After an introduction to gamification and having read many of the definitions, I started analysing this concept more critically and in depth and to do so I found a series of research papers on the e-library portal of the UAL  (I’ve been honestly pleasantly surprise by the amount of papers available there). One of the most influential and interesting researcher in this field is Sebastian Deterding, he wrote a great number of articles about the subject of gamification and they all are very clear and engaging.

In its The Ambiguity of Games: Histories and Discourses of a Gameful World, he not only gives an extended overview of gamification and its context throughout the history, but explains also the different conceptions on it, its uses and misuses and cites many of the main gamification theorists and practioners.

So far, I read only this paper and a couple more, but I managed to download bunch of its papers, most of those speak about gamification in a critical way. Very interesting seems to be “From game design elements to gamefulness: defining “gamification”, for example. Here I reported the abstract available online.

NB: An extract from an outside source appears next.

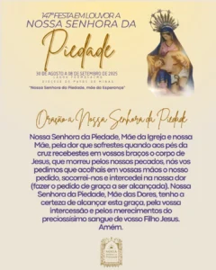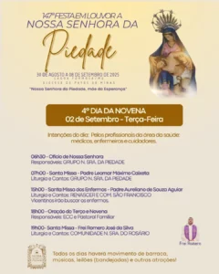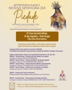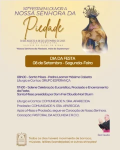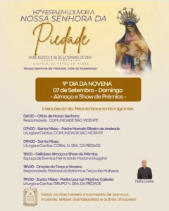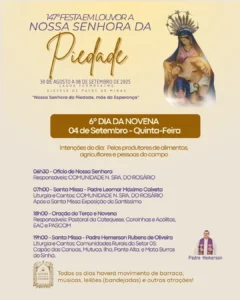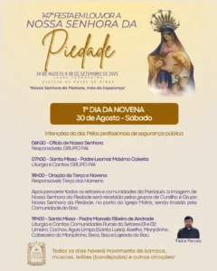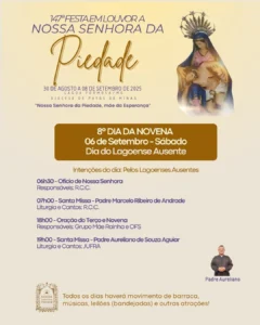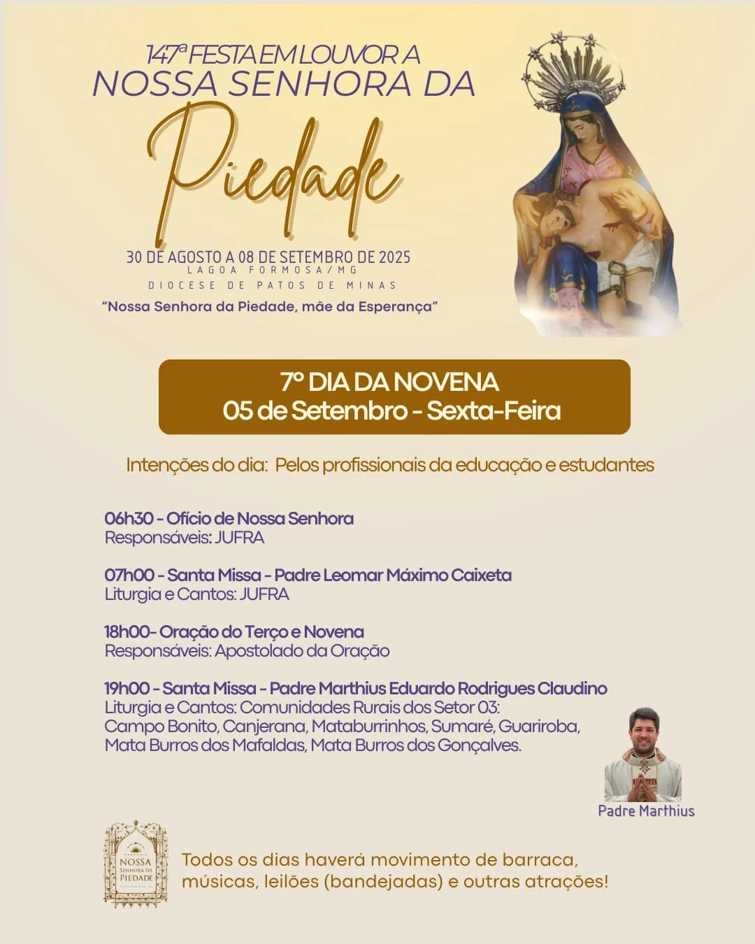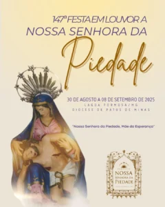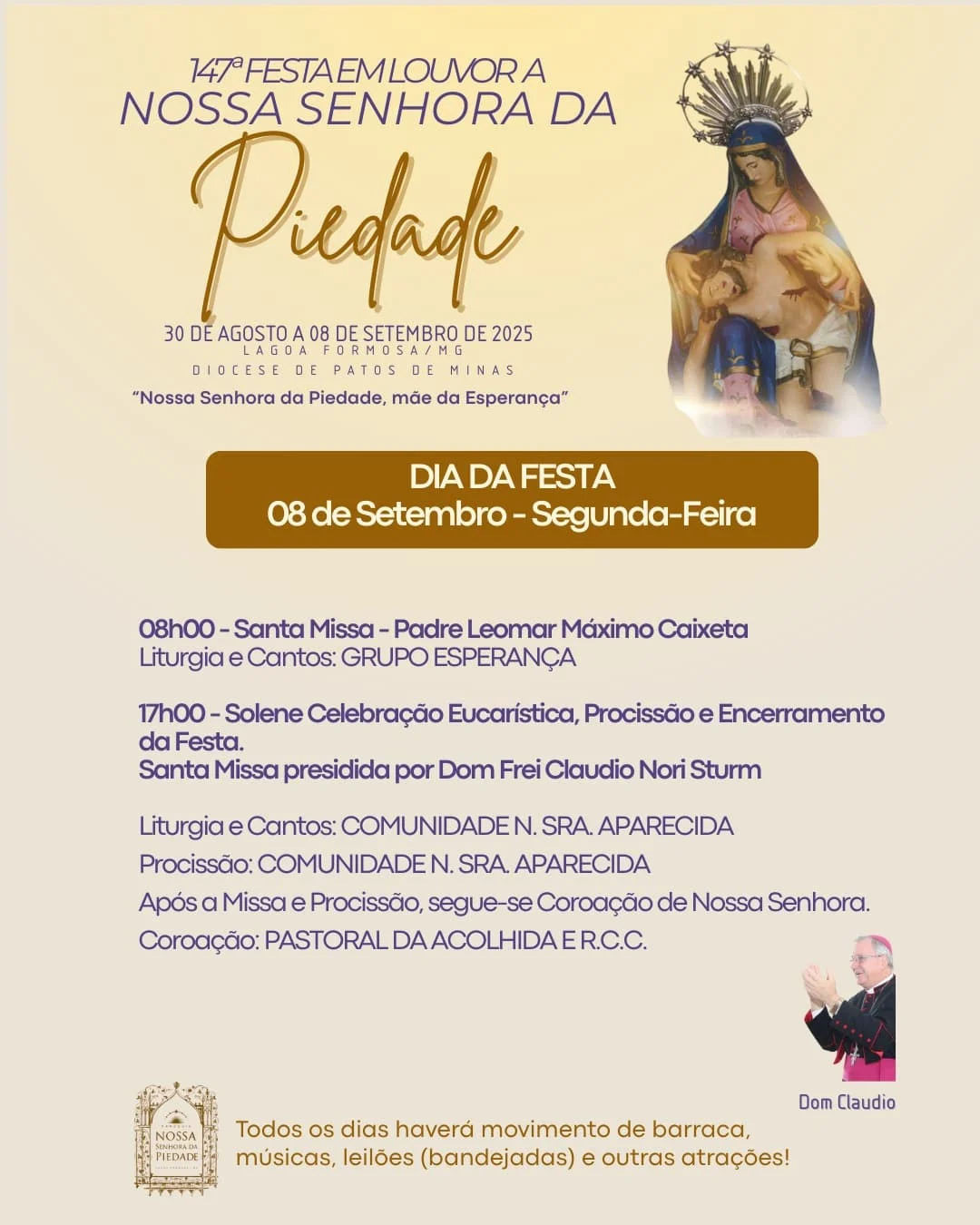 Começa neste sábado (30) mais uma festa religiosa que reúne fé e tradição: a 147ª festa de Nossa Senhora da Piedade, em Lagoa Formosa. A programação segue até o dia 08 de setembro com novena, missas, movimentação de barraquinhas, leilões, show de prêmios e muito mais.

Recent years have seen a rapid proliferation of mass-market consumer software that takes inspiration from video games. Usually summarized as “gamification”, this trend connects to a sizeable body of existing concepts and research in human-computer interaction and game studies, such as serious games, pervasive games, alternate reality games, or playful design. However, it is not clear how “gamification” relates to these, whether it denotes a novel phenomenon, and how to define it. Thus, in this paper we investigate “gamification” and the historical origins of the term in relation to precursors and similar concepts. It is suggested that “gamified” applications provide insight into novel, gameful phenomena complementary to playful phenomena. Based on our research, we propose a definition of “gamification” as the use of game design elements in non-game contexts.